Missing girl's parents agree to lie detector test
BREMERTON, Wash. (AP) — The parents of a 6-year-old girl who disappeared from her Washington home and wasn't reported missing for a day have agreed to take lie detector tests and allow a search of the home, a sheriff's spokesman said Monday.
Both the home search and lie detector tests were in progress late Monday, Kitsap County Deputy Scott Wilson said. He said he doubted he would be able to discuss results.
State child welfare workers removed two other children, an 8-year-old boy and 12-year-old girl, from the home earlier Monday.

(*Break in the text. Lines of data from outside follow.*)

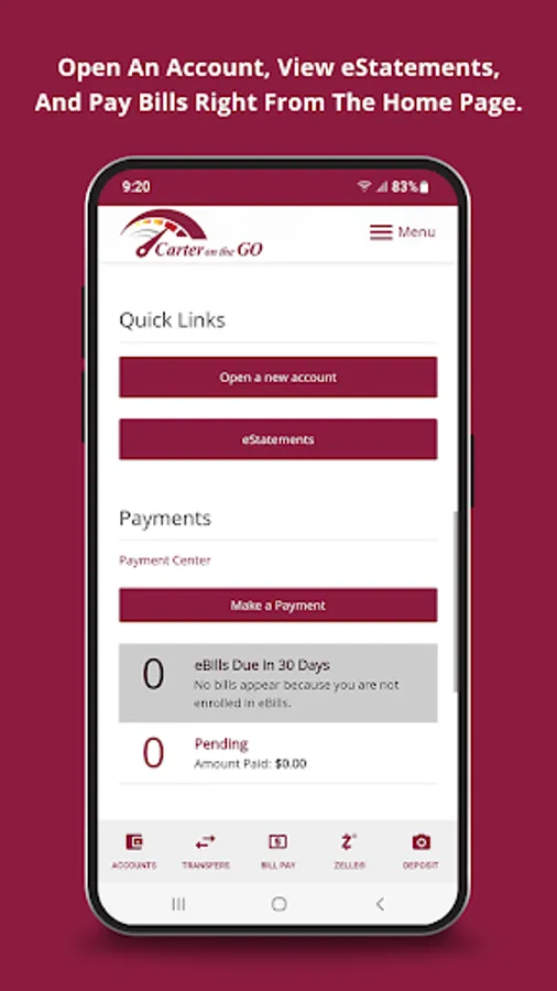 • Go to CarterBankandTrust.com/CarterOnTheGo for how to videos and answers to frequently asked questions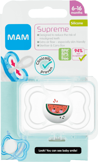 MAM Supreme 6-16m Silikon Vit (Vattenmelon)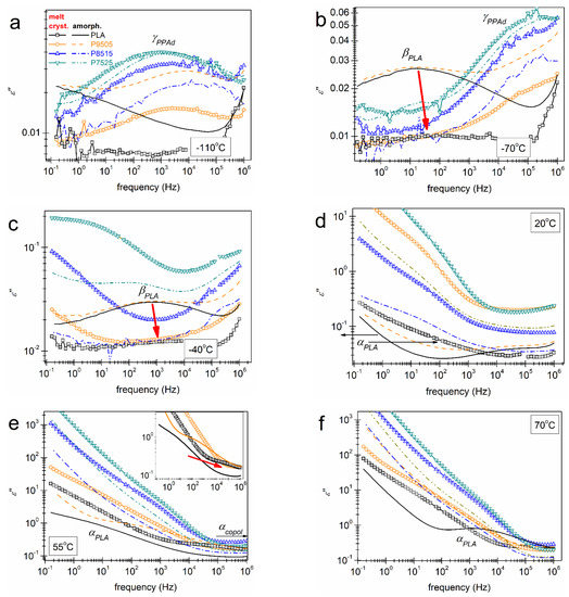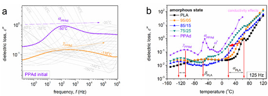 In Figure 9a, we can follow the local γPPAd located between 102 and 103 Hz at −110 °C and the segmental αPPAd located between ~102 and 103 Hz at −50 °C by the naked eye for PPAd. The relaxation peaks migrate toward higher frequencies upon increasing temperature (increasing the provided thermal energy) due to acceleration of the corresponding molecular groups. To facilitate a more direct comparison with calorimetry, the raw BDS data (isothermal curves, Figure 9a and Figure 10) can be presented upon replotting to the form of ‘isochronal’ ε″(T) curves. These are shown in Figure 9b for all samples in the initially amorphous state and at f ~ 125 Hz. Therein, PLA exhibits a local and a segmental relaxation, βPLA and αPLA, respectively.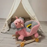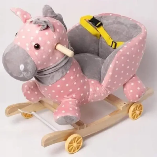 Oferă-i copilului tău ore de distracție și relaxare cu acest balansoar adorabil în formă de căluț roz cu buline albe.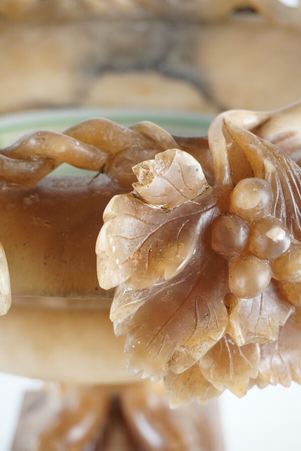 Importante coupe sur socle en pierre dure et placage de pierre dure, probablement de la stéatite (?), la coupe richement ornée sur le bord de ceps de vignes et de feuillages entrelacés reposant sur quatre dauphins, montée sur un socle carré, fin du 19e - début du 20e siècle, H. 45 cm. L. Coupe : 48 cm (manques, éclats et accidents).
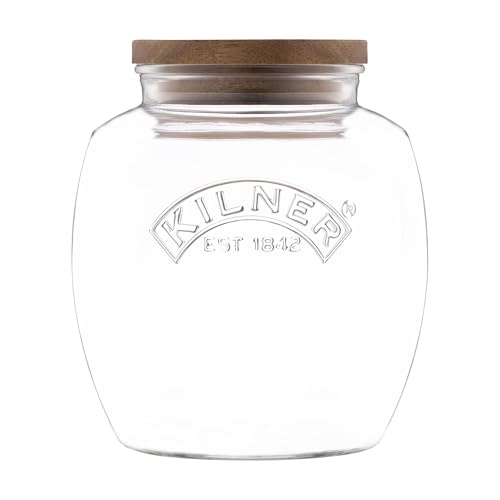 Kilner Universal Jar Wooden Lid 2 Litre Glass Food Container With Silicone Seals Kitchen Pantry Storage For Dry Food Like Grains, Pasta And Cereals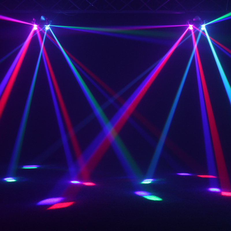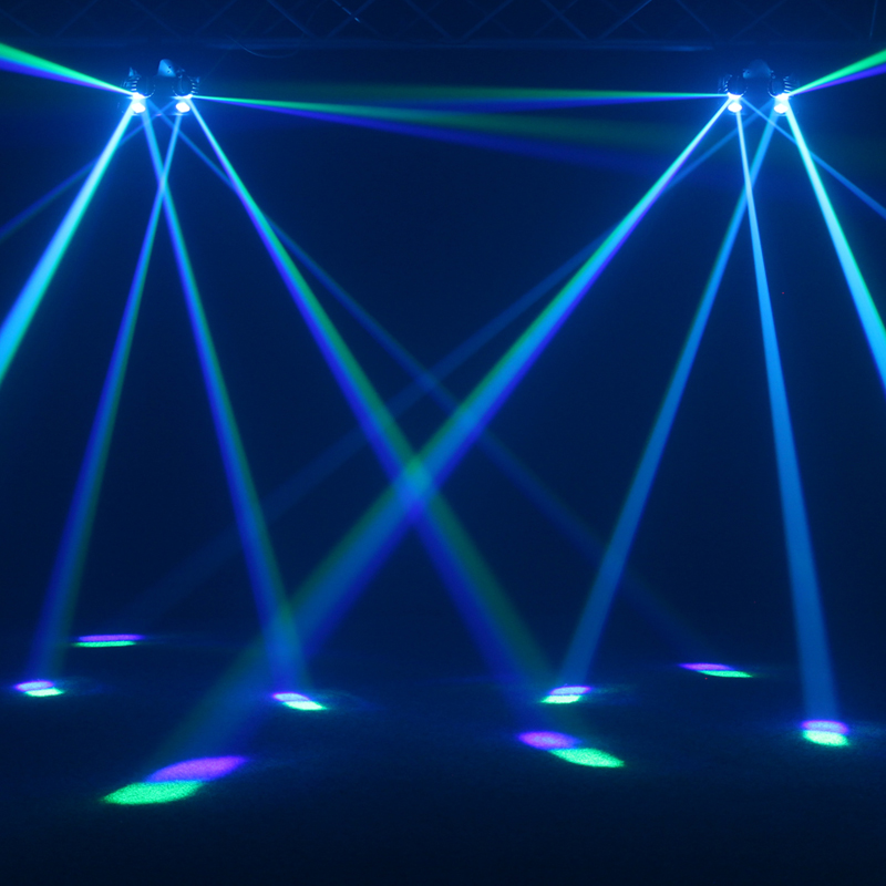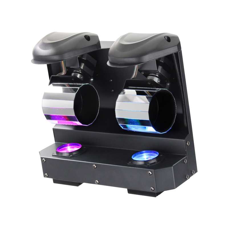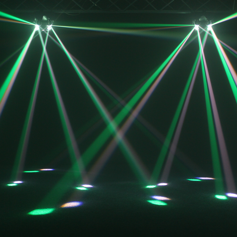 This two-in-one effect combines two contra-rotating barrels and two quad-colour LEDs which generates an array of sharp beam effects that fill most rooms. Red, green, blue and white LEDs bounce off the barrels that rotate back and forth to generate multiple beams that reflect at multi-angles covering rooms and dance floors with ease. Users have a choice between 4 operational modes – auto, sound active, DMX and master/slave plus built-in programs which can be selected via the unit’s 4 push button menu with LED display.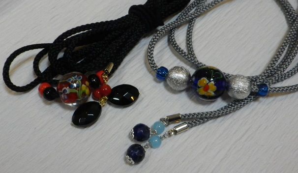 最近、手に入れたトンボ玉付きの飾り紐は、それぞれ端にサンゴとラピスラズリが付いていていい感じ
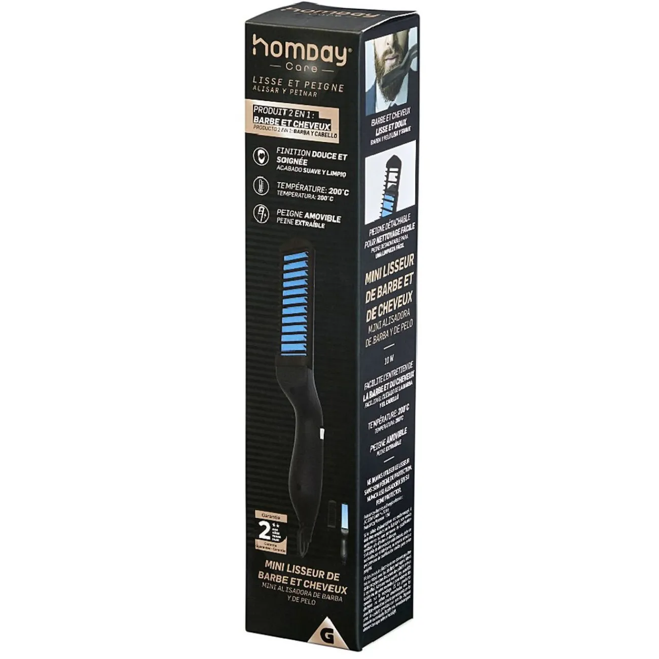 Son peigne quant à lui, vous permettra de coiffer facilement cheveux et barbes, et sera simple à nettoyer grâce à sa fonction détachable.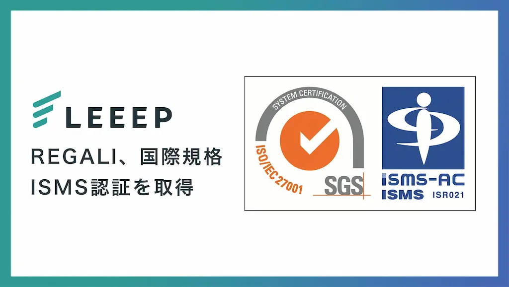 株式会社REGALI(本社:東京都渋谷区、代表取締役:稲田光一郎)は、この度、情報セキュリティマネジメントシステム(ISMS)の国際規格である「ISO/IEC 27001:2022」の認証を取得したことをお知らせいたします。この認証は、当社が提供するECサイト向けCXプラットフォーム「LEEEP」を含む、REGALIの法人向けソフトウェア事業全体において、情報セキュリティ管理体制が国際基準に適合していることを第三者機関により認められたものです。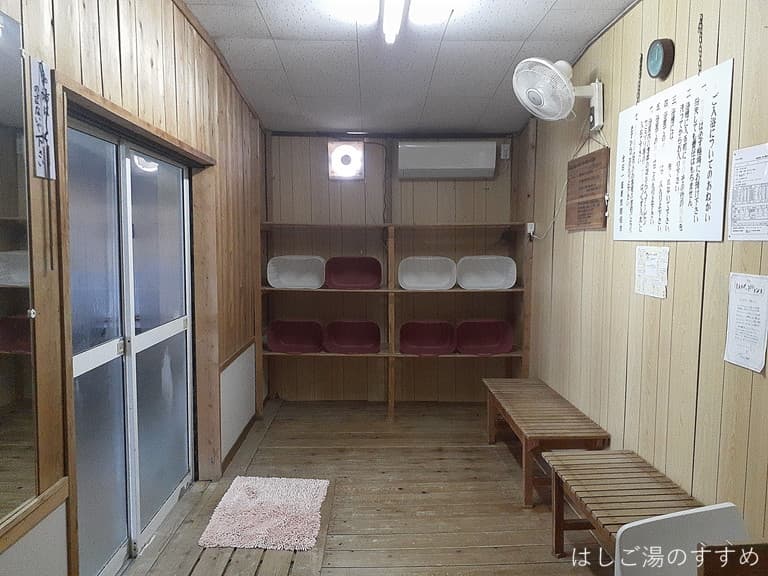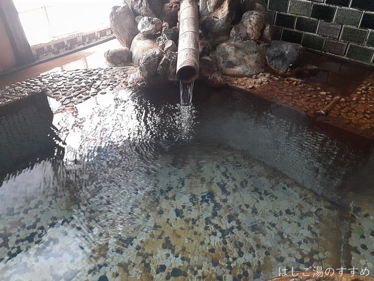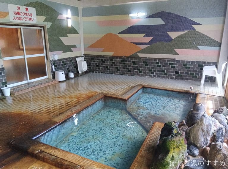 浴槽内は少し深さに違いを付けていて、普通の深さとちょい深めの湯舟2つといった感覚かな?お湯は体感で約41℃位、無色やや微濁り、弱ツルツル感あり。排湯されるオーバーフロー道は析出物により茶系色に染まっていました。掲示の利用状況を見ると循環ろ過あり、との事ですが実際に確認できずでした。

About 80 searchers including dog teams looked Monday for little Jenise Wright, who was last seen Saturday night when she went to bed. Her family noticed her missing Sunday morning but didn't become worried and call for help until that night because she had left the home on previous occasions and wandered around the neighborhood.
The family felt it was relatively safe because it's a fenced property, Wilson said.
A decision on whether to continue the ground search Tuesday was pending, the spokesman said.
The little girl's disappearance was being called a missing person case with "suspicious circumstances," Wilson said. Most missing children would have surfaced by now, he said.
Investigators, who now include the FBI and detectives from nearby police agencies and the Washington State Patrol, are "looking at the entire spectrum of possibilities: has the child sustained an accident? Has the child been abducted? Has the child come to harm?" Wilson said.
The FBI has resources "that we can only dream about — investigative tools, personnel that specialize in child abduction," Wilson said. "We're not calling it an abduction, but why not get those resources early on, examine all the possibilities."
Two parents live in the home in a blended family. The 8-year-old and 12-year-old were the only other children in the home last weekend. A 16-year-old boy was out of town. Two other offspring are adults.
The search began at about 1:30 a.m. Monday with deputies and volunteers in and around the Steele Creek Mobile Home Park. They cleared the park and searched later in the surrounding neighborhood and wooded area, Wilson said.
"She's really independent, she's tenacious," the little girl's father, James Wright, told KOMO-TV, describing the neighborhood as safe and saying his daughter roamed the park.
Other residents in the park described Jenise as outgoing and unafraid to talk to anyone.
Bremerton is on the west side of Puget Sound, across from Seattle.
Jenise is 3 feet tall, weighs 45 pounds and has black hair. She'll be a first-grader this school year. She shared a bedroom with her sister.